Tacky or perfectly fine to send a person who is in my worship group, but not a really close friend, a sympathy e-card because her father passed?


----------



## SeaBreeze (Oct 14, 2015)

I've only sent actual cards, but it was mostly for family, friends or neighbors.  I suppose an email card is just as good these days, especially if the person is not really a close friend.  I'd say send it, better than no card at all for sure, it will be appreciated by her at this time of grieving.


----------



## QuickSilver (Oct 14, 2015)

IMO... if you know them well enough to have their email address.. you probably have their home address... I'd vote for a real card with a handwritten note expressing my condolences.


----------



## Debby (Oct 14, 2015)

I'm with QuickSilver I think on this one.  Everyone pretty much loves to find a 'loving thought' in amongst the bills and flyers and business papers that arrive all to frequently in the mail.  That card can be set on the sill by the sink so that they remember you cared while they wash the dishes whereas an email card is looked at once and then forgotten.    Just my opinion based on years of writing cards and notes to several of my aging aunts and having them mention frequently how much they enjoyed receiving them.


----------



## AprilSun (Oct 14, 2015)

When my husband passed away, it made me feel better just receiving any kind of sympathy. I received them by mail, online and even messages on Facebook. Just knowing people were thinking of me and cared regardless of how they expressed it, meant so much to me. I guess you will have to go with what makes you feel better. If you do it online and then wonder if you did the right thing, then go with the "real thing".  Just my "2 cents worth".


----------



## debodun (Oct 14, 2015)

> = if you know them well enough to have their email address



Everyone in the worship group has everyone else's email. They made a "master" list of all fellowship member's emails, home addresses &, phone numbers and sent the list out.


----------



## mitchezz (Oct 14, 2015)

No....not if it's one where you just insert their name....that's tacky IMO.
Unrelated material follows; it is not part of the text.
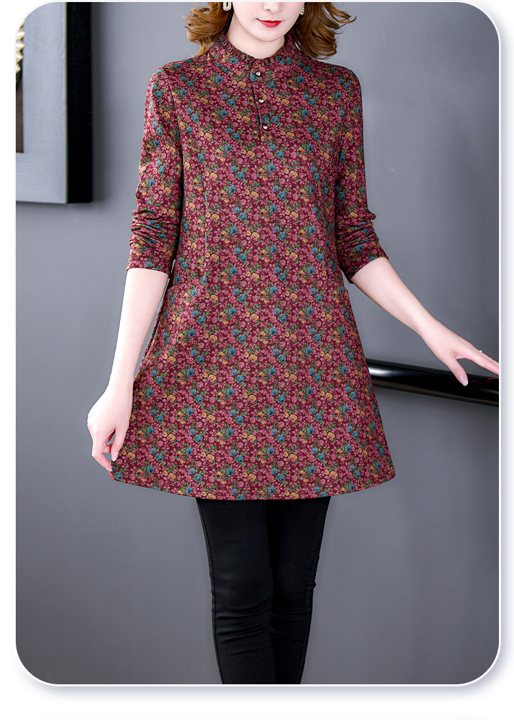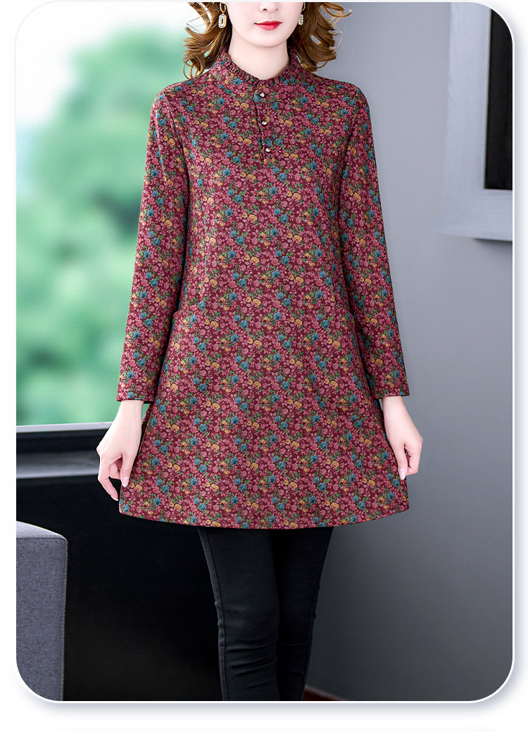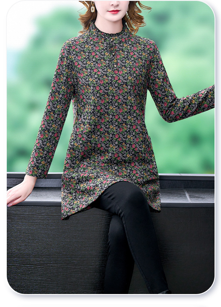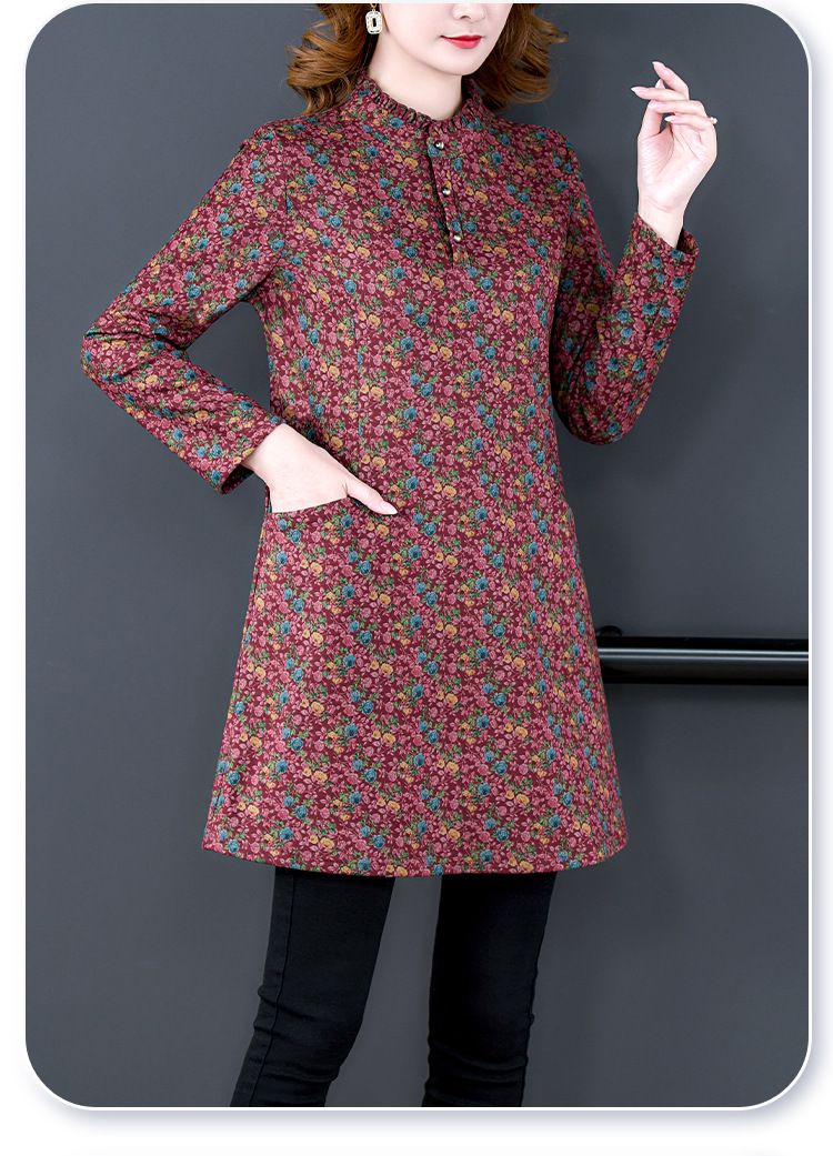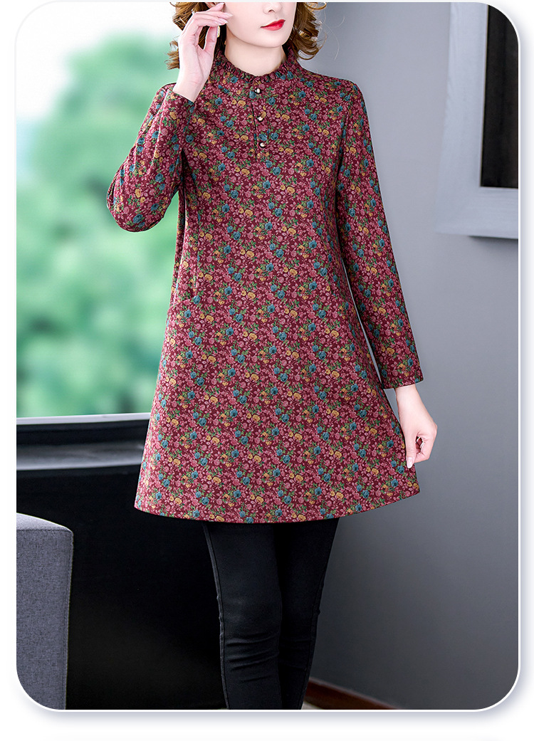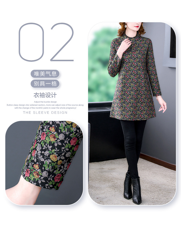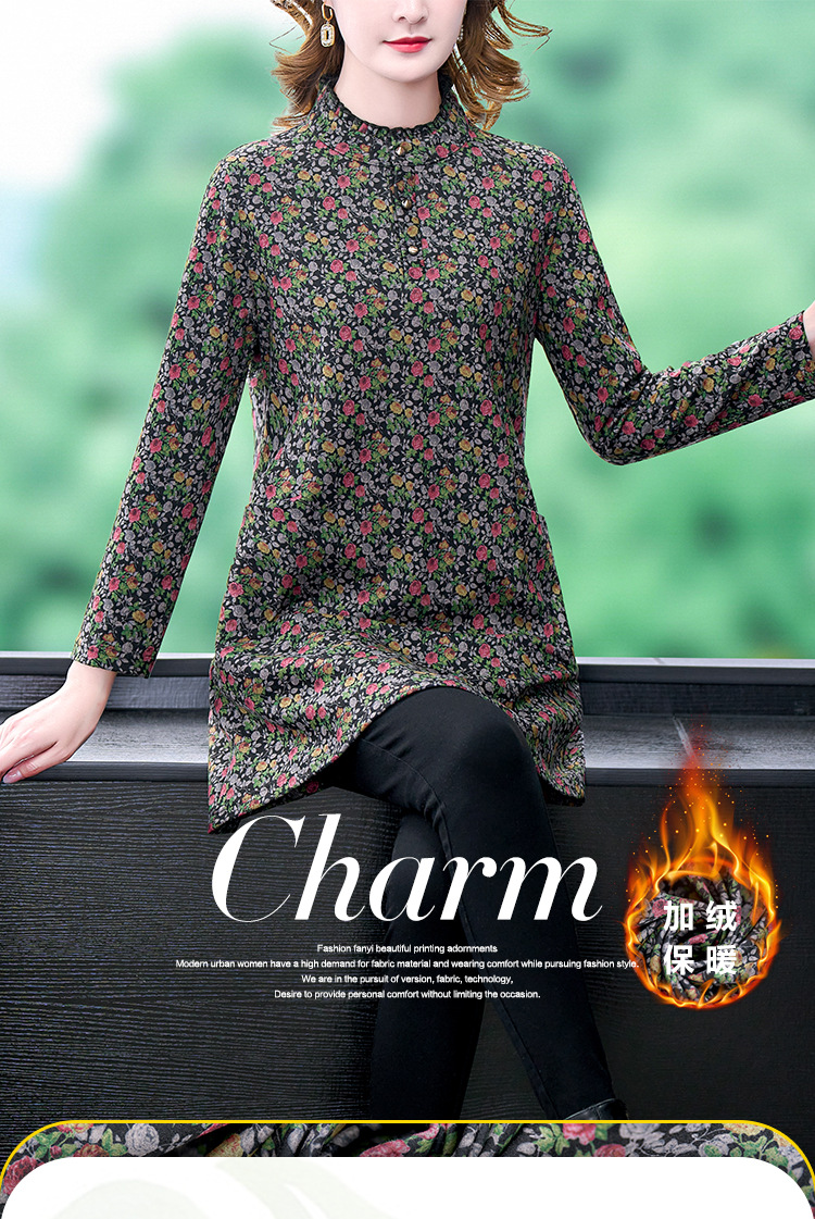 秋冬新款,中长款立领印花加厚德绒连衣裙KQL-818

However, a letter via email that is personalised and shows you've put some thought into it is fine. JMO.


----------



## applecruncher (Oct 14, 2015)

I think any expression of condolence, caring, sympathy (card, letter, email, e-card, online condolence, phone call, personal visit) when there is a death is fine.

Some people prefer cards to hold in their hand and look at later, or if the person doesn't use a computer.


----------



## boozercruiser (Oct 14, 2015)

applecruncher said:


> I think any expression of condolence, caring, sympathy (card, letter, email, e-card, online condolence, phone call, personal visit) when there is a death is fine.
> 
> Some people prefer cards to hold in their hand and look at later, or if the person doesn't use a computer.



I tend to go along with Apple there Debodun.
Particularly if you can add some nice words to the bottom of the E. Card.

I always us Jackie Lawson for that and all kinds of cards....(click on preview or send card and it should play. I think!)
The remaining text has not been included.